FormWhat it doesNotes (PostgreSQL)
col IN (v1, v2, ...)membership in a literal listgood for small, static sets
col NOT IN (v1, ...)negated membershipbe careful with NULLs
col IN (SELECT ...)membership in a derived setoften used for “in related table” queries
col = ANY(array)membership in an arrayuseful for parameterized lists
EXISTS (...)tests presence of at least one matching rowoften safer than IN/NOT IN with NULLs

Key Rules and Considerations

  • Keep data types consistent between col and the list/subquery values.
  • NOT IN is dangerous when the list or subquery can produce NULL.
  • Very large literal lists can be hard to maintain; prefer temp tables, joins, or arrays.
  • For parameterized queries (application code), = ANY($1) is often cleaner than dynamically building IN (...).

Step-by-Step Examples

Example 1: Filter by a Static List (Beginner)

CREATE TABLE employees (
employee_id bigint GENERATED ALWAYS AS IDENTITY PRIMARY KEY,
full_name text NOT NULL,
department text NOT NULL
);

INSERT INTO employees (full_name, department) VALUES
('Alice', 'HR'),
('Bob', 'IT'),
('Charlie', 'Marketing'),
('Denise', 'IT'),
('Eva', 'HR');

SELECT employee_id, full_name, department
FROM employees
WHERE department IN ('IT', 'HR')
ORDER BY employee_id;

Expected output:

 employee_id | full_name | department
-------------+-----------+------------
1 | Alice | HR
2 | Bob | IT
4 | Denise | IT
5 | Eva | HR
(4 rows)

Explanation:

  • IN ('IT','HR') is shorthand for two OR conditions.

Example 2: IN with Numeric Values (Intermediate)

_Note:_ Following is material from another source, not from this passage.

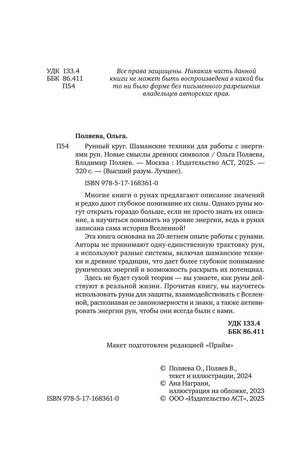 Потратив на знакомство с рунами более двадцати лет, Ольга и Владимир Поляев написали книгу, чтобы поделиться своими открытиями о них. Авторы обращались не только к истории Скандинавии, но также изучали традиции толтеков, суфиев и шаманов, чтобы сполна понять могущественную силу древних символов. Книга вобрала в себя философскую мудрость наших предков и предлагает читателю уникальный подход к изучению рун.

SELECT employee_id, full_name, department
FROM employees
WHERE employee_id IN (1, 3, 5)
ORDER BY employee_id;

Expected output:

 employee_id | full_name | department
-------------+-----------+------------
1 | Alice | HR
3 | Charlie | Marketing
5 | Eva | HR
(3 rows)

Example 3: IN with a Subquery (Intermediate)

CREATE TABLE orders (
order_id bigint GENERATED ALWAYS AS IDENTITY PRIMARY KEY,
employee_id bigint NOT NULL,
status text NOT NULL
);

INSERT INTO orders (employee_id, status) VALUES
(2, 'paid'),
(2, 'paid'),
(4, 'pending');

-- Employees who have at least one order
SELECT employee_id, full_name
FROM employees
WHERE employee_id IN (
SELECT employee_id
FROM orders
)
ORDER BY employee_id;

Expected output:

 employee_id | full_name
-------------+----------
2 | Bob
4 | Denise
(2 rows)

Explanation:

  • The subquery produces a set of employee IDs present in orders.
  • If you only care about existence, EXISTS is often a good alternative.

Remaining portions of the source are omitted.